Luckily I noticed the cursor jump when I accidentally hit the touchpad with my thumb … I’ve obviously got more of a thumb issue going on :wink:

Coming back to this subject…

  1. Still using Linpus (because I like the fast start up). But I have continued to have irregular cursor jumps when typing moderately fast. I wonder if this is related to the fact that the Touchpad ‘enable tapping’ option seems to get set ‘ON’ every start up. (Any ideas how to turn it OFF permanently?)

  2. I bought another AA1 / ZG5 on eBay to experiment with varieties of Linux. But it has Windows 7 installed so I decided to give it a whirl. To my surprise the cursor jumping is far worse that under Linpus - I cannot type a line without the cursor jumping to some previous place!

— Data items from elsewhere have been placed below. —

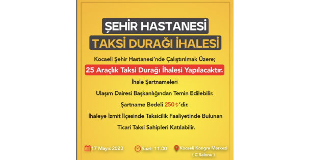 17 Mayıs tarihinde Kocaeli Kongre Merkezi C Salonunda gerçekleştirilecek ihale 25 araçlık olacak. İzmit İlçesi Şehir hastanesinde çalıştırılacak taksi durağı ihalesine İzmit ilçesinde faaliyet gösteren taksi sahipleri katılabilecek. İhale şartnameleri 08 Mayıs Pazartesi günü itibariyle Ulaşım Dairesi Başkanlığından alınabilecek.
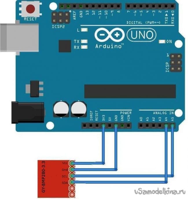 Второй этап. Проверяем плату GY-BMP280-3.3 для измерения барометрического давления и температуры. Берем 4 проводка, соединяем ими GY-BMP280-3.3 и Arduino Uno, как изображено на фотографии и схеме. Кривые тонкие разноцветные линии – это проводники.
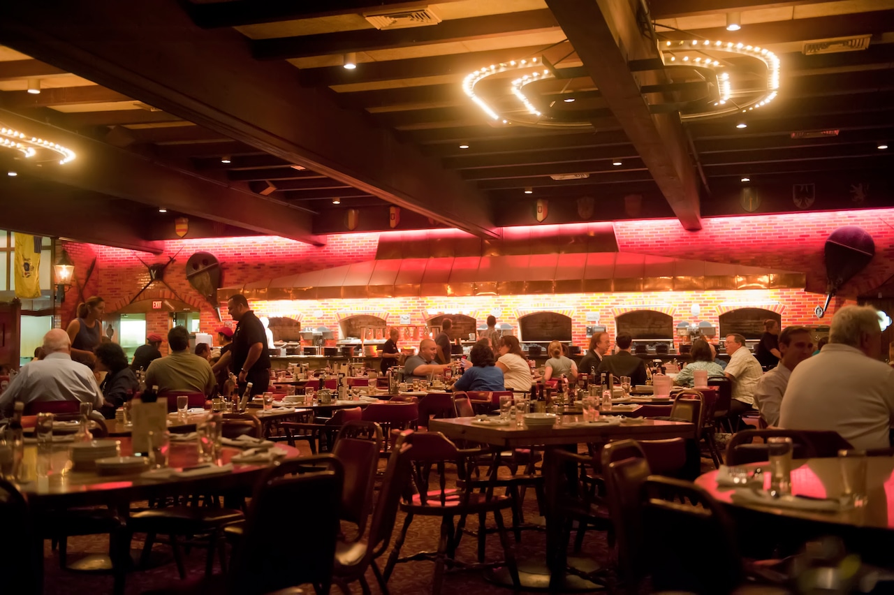 While the restaurant is known for its meats, the atmosphere is just as much a part of the dining experience. The Pub’s large dining area features low-lighting, stained glass windows, a bar and seating for 500 guests.
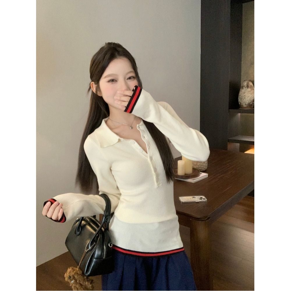 FA54283# 复古撞色条纹Polo领针织衫女秋冬修身显瘦长袖上衣毛衣女 服裝批發女裝批發服飾貨源
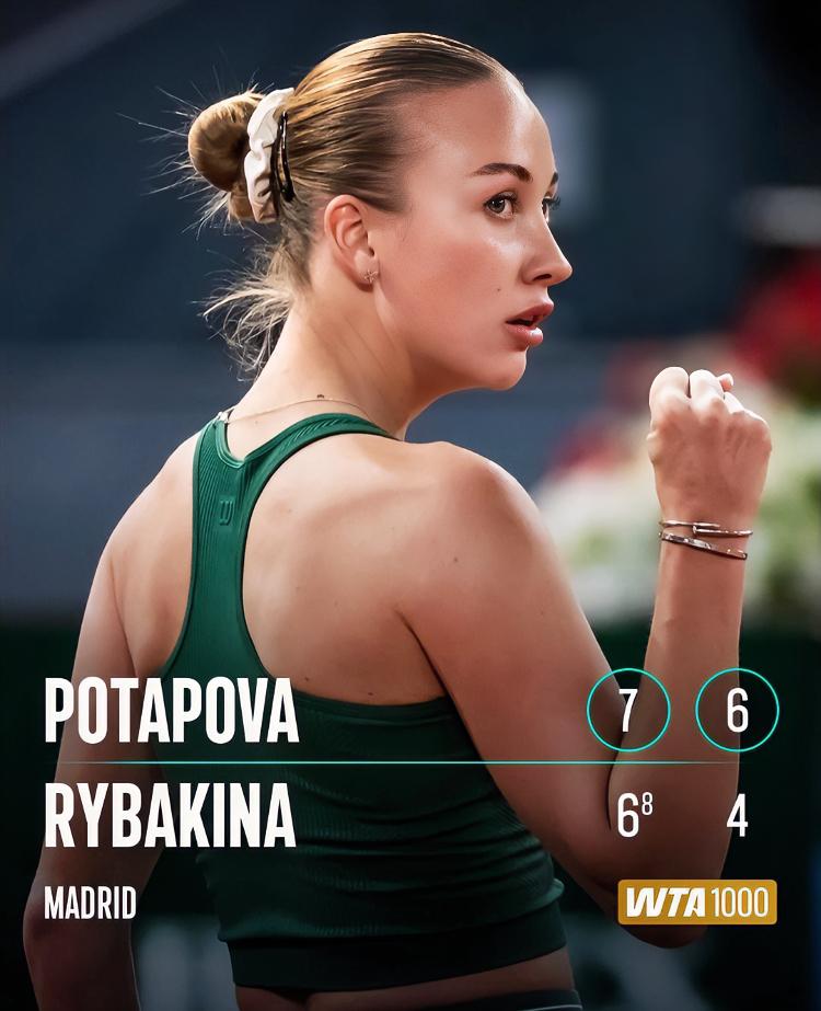 言归正传、2026马德里站,因凯斯赛前身体不适退赛、波塔波娃作为资格赛幸运落者递补入选。没想到入选的波塔波娃火力全开,上一轮逆转前法网亚军奥斯塔彭科,这一轮又零封新科澳网冠军莱巴金娜,把幸运两个字发挥到极致!!1/4将对阵伤愈复出的前世一卡普利斯科娃,大家觉得波塔波娃有机会晋级半决赛吗?波塔波娃
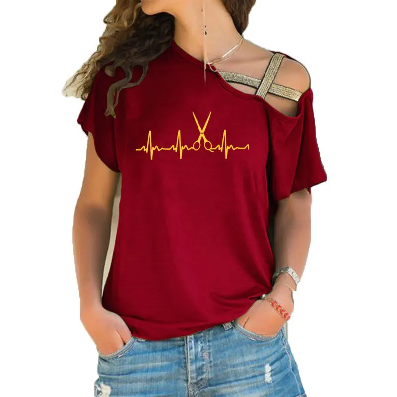 Женская футболка с коротким рукавом, летняя футболка для парикмахеров, с асимметричным подолом и перекрестной шнуровкой
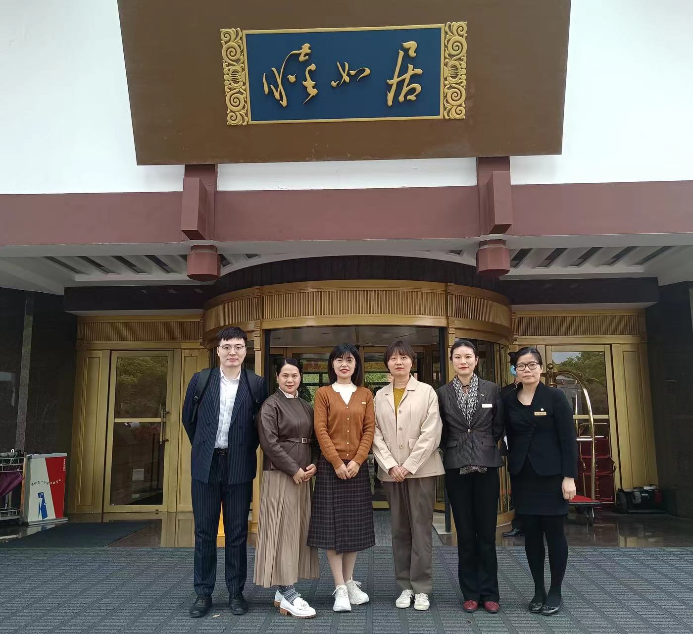(旅航院丁琳、谷胜男老师赴上海西郊宾馆考察,与人力资源部工作人员合影)
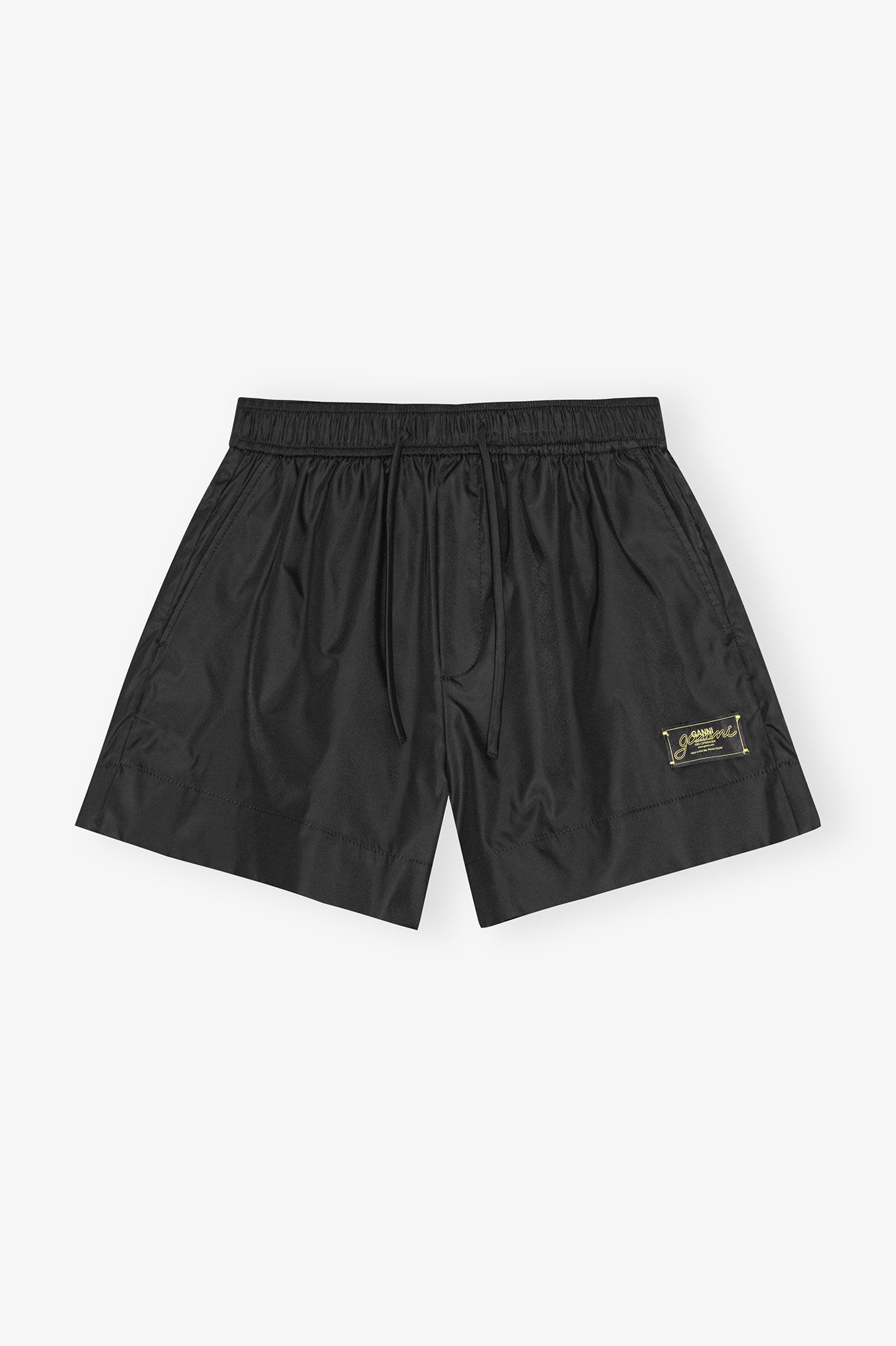 These Black Duchesse Nylon Shorts feature an elasticated waistband with adjustable drawstrings, functional side slit pockets, and a GANNI logo patch. DETAILS - 93% Recycled Polyamide 7% Polyurethane. Learn more about our materials - Side pockets - Adjustable drawstring waist - Sewn-on GANNI logo patch Made in: China Product ID: W0485 SIZE & FIT - Regular fit
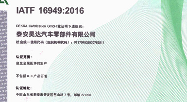 泰安昊達汽車零部件有限公司位于新泰市經濟開發(fā)區(qū)嶅山路7號,公司成立于2011年,是一家生產中、重型卡車底盤鑄鍛件、焊接件、發(fā)動機配件的專業(yè)廠家,廠區(qū)占地面積101畝,2018年建設年產300萬件汽車零部件項目,項目總投資3.16億元,總建筑面積3.6萬平方米,是新泰市汽車裝配產業(yè)鏈的重點項目、2018年、2019年泰安重點項目,現(xiàn)已建設完畢,于2019年1月1日正式投入使用,設備新上覆膜砂自動化鑄造生產線1條、熱模鍛生產線6條、自動化焊接生產線10條、CNC加工設備200余臺套。 主要產品:中、重卡車底盤配件、轉向配件、中后橋氣室支架總成、中后橋配件、前橋轉向節(jié)臂、焊接配件、發(fā)動機配件。產品主要銷往中國重汽集團、市場份額約50%,位居行業(yè)鑄件產品前三。 公司擁有IATF16949:2016國際標準質量管理體系認證,擁有實 ......
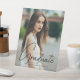 This chic graduation party pedestal sign features sophisticated handwritten black script over a trendy full photo of your graduate. Customize this modern grad decor with your grad year and name.
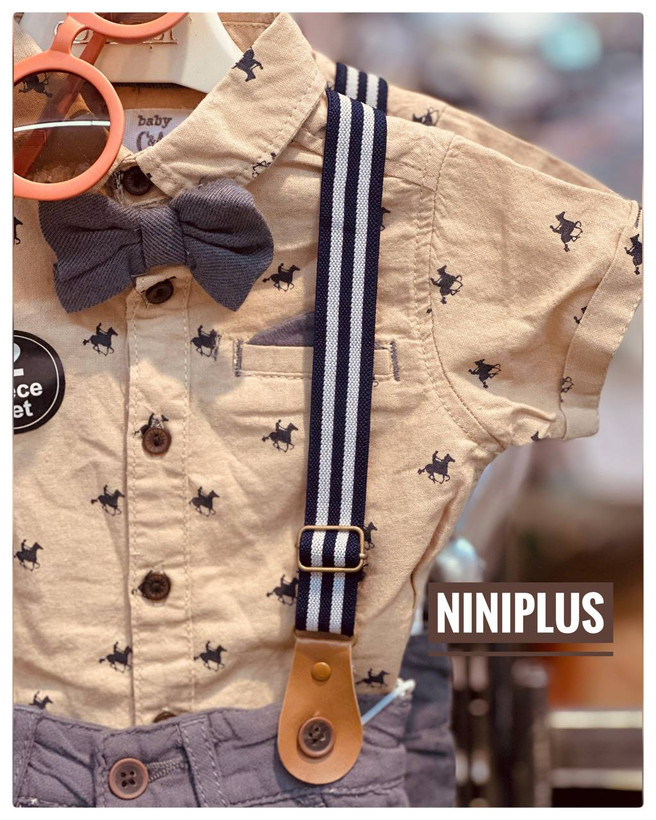 لباسهای ناز و رسمی برند C&A با طراحی منحصربهفرد و راحت برای مهمانیها و روزهای خاص! این ست شامل پیراهن کوتاه آستین با طرح اسبهای بامزه، شورتک جین آبی روشن، سوسپاندر شیک و پاپیون ببتی است. عینک آفتابی نارنجی هم جداگانه موجود و قابل سفارش است ، استایل کودک شما را تکمیل میکند! 😍

I cannot imagine that there is much common code between Linpus and Win 7. Does this point to something in the Kernel or BIOS?

Later additions…

  1. Googling: Windows 7 disable tapping
    shows this is a MEGA problem - not just for the AA1

  2. Neat solution for Windows users - TouchFreeze is a brilliant little app that solves this problem. It disables the touchpad temporarily the moment a keystroke is pressed and enables it back when the typing is stopped.

If only there was something like this for Linux!